**Raw data**

----

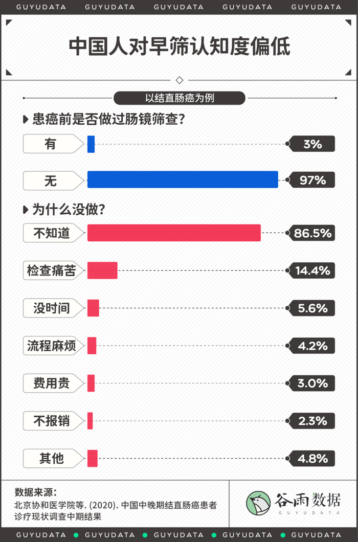 以结直肠癌为例,根据北京协和医学院等机构公布的一项统计,在所调研的肠癌患者中,有97%的人在患病前从未做过肠镜筛查。
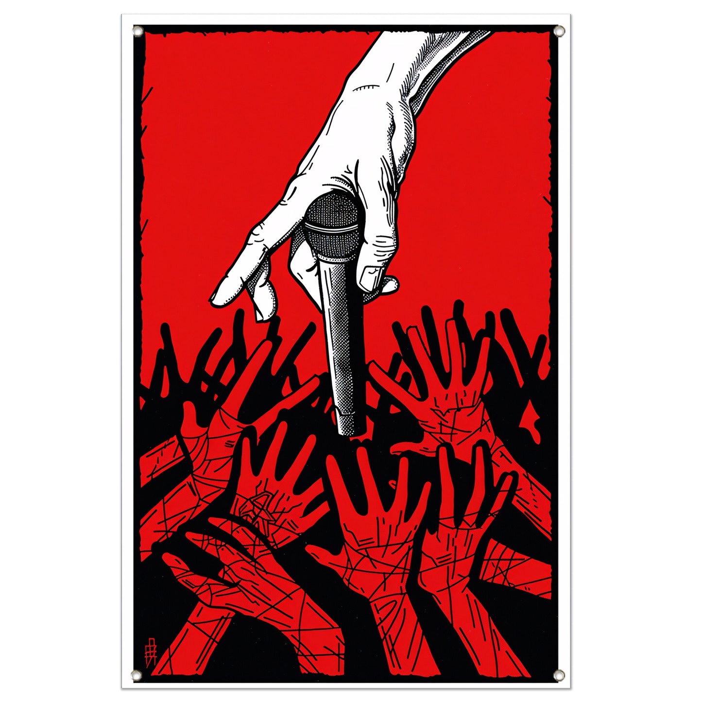 Hand houdt microfoon omhoog tussen andere handen. tuinposter
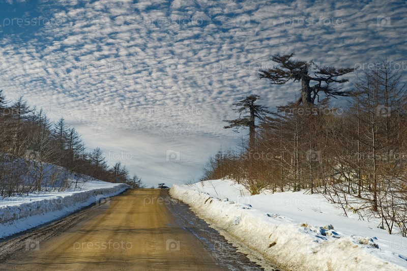 Россия. Дальний Восток, Курильские острова. Вид на весеннюю природу с грунтовой дороги вдоль острова Итуруп

----

**Exercise goal**
What is needed is an exact repetition of every line from the line with "Hand houdt microfoon" to the end of the data above, both ends included, with no pictures.

**Task solution**
 Hand houdt microfoon omhoog tussen andere handen. tuinposter
 Россия. Дальний Восток, Курильские острова. Вид на весеннюю природу с грунтовой дороги вдоль острова Итуруп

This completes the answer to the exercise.